> TASK DIRECTIONS: Transcribe the listing exactly, so that nothing but the pictures is missing.

> LISTED RECORDS:
::::::::::

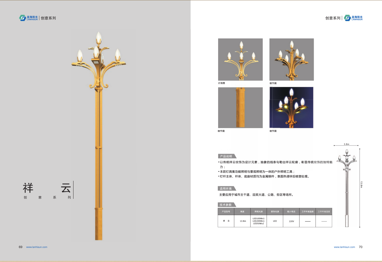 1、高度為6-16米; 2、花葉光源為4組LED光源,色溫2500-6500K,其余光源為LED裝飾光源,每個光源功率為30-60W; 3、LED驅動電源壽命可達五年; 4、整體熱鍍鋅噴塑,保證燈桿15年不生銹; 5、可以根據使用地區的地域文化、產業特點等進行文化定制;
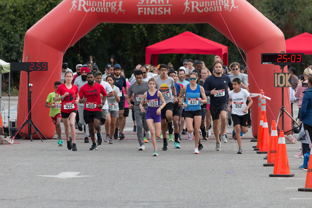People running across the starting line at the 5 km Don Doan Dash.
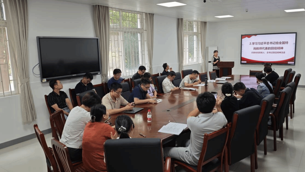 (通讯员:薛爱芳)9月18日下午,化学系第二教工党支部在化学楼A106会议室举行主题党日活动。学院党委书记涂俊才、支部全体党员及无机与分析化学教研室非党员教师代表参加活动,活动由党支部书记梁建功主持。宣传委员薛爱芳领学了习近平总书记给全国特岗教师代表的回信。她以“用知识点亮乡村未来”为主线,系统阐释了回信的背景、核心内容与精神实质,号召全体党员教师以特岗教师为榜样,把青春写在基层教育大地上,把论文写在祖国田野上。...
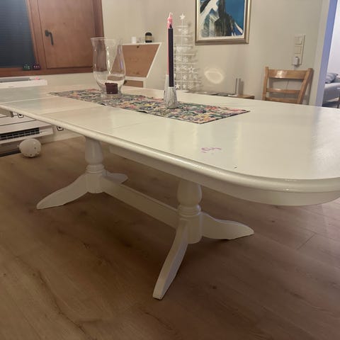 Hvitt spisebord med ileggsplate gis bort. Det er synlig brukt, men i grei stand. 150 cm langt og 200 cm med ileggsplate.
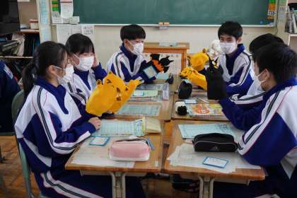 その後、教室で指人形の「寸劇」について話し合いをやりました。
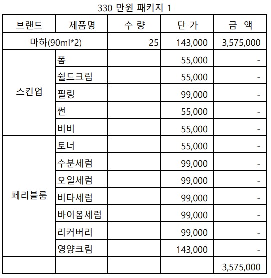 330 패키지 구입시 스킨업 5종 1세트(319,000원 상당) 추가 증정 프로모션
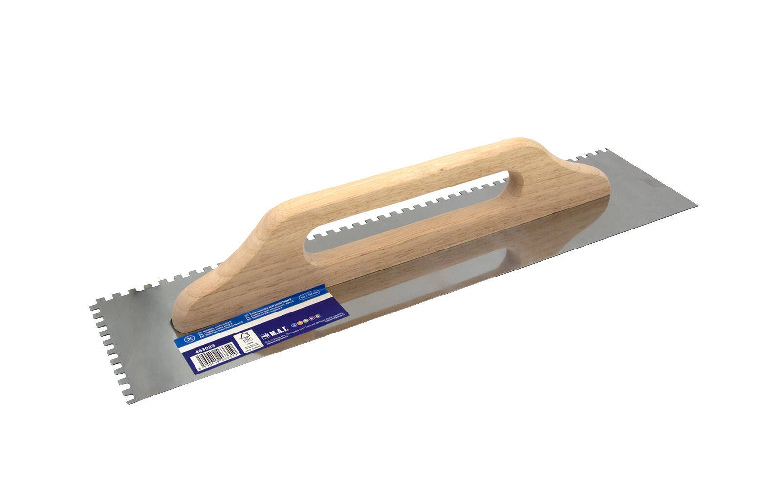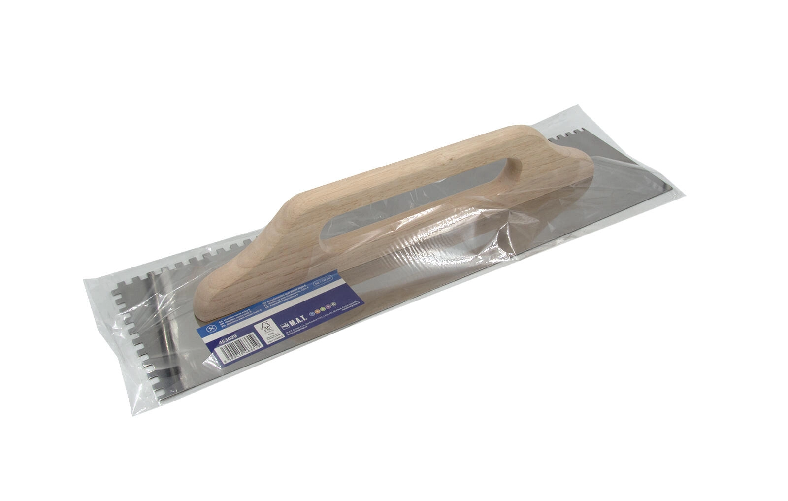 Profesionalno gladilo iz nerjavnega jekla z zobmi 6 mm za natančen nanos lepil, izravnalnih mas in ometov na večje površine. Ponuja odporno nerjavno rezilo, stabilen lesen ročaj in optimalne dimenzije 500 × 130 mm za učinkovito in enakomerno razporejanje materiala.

::::::::::

> RESULT:
 1、高度為6-16米; 2、花葉光源為4組LED光源,色溫2500-6500K,其余光源為LED裝飾光源,每個光源功率為30-60W; 3、LED驅動電源壽命可達五年; 4、整體熱鍍鋅噴塑,保證燈桿15年不生銹; 5、可以根據使用地區的地域文化、產業特點等進行文化定制;
People running across the starting line at the 5 km Don Doan Dash.
 (通讯员:薛爱芳)9月18日下午,化学系第二教工党支部在化学楼A106会议室举行主题党日活动。学院党委书记涂俊才、支部全体党员及无机与分析化学教研室非党员教师代表参加活动,活动由党支部书记梁建功主持。宣传委员薛爱芳领学了习近平总书记给全国特岗教师代表的回信。她以“用知识点亮乡村未来”为主线,系统阐释了回信的背景、核心内容与精神实质,号召全体党员教师以特岗教师为榜样,把青春写在基层教育大地上,把论文写在祖国田野上。...
 Hvitt spisebord med ileggsplate gis bort. Det er synlig brukt, men i grei stand. 150 cm langt og 200 cm med ileggsplate.
 その後、教室で指人形の「寸劇」について話し合いをやりました。
 330 패키지 구입시 스킨업 5종 1세트(319,000원 상당) 추가 증정 프로모션
 Profesionalno gladilo iz nerjavnega jekla z zobmi 6 mm za natančen nanos lepil, izravnalnih mas in ometov na večje površine. Ponuja odporno nerjavno rezilo, stabilen lesen ročaj in optimalne dimenzije 500 × 130 mm za učinkovito in enakomerno razporejanje materiala.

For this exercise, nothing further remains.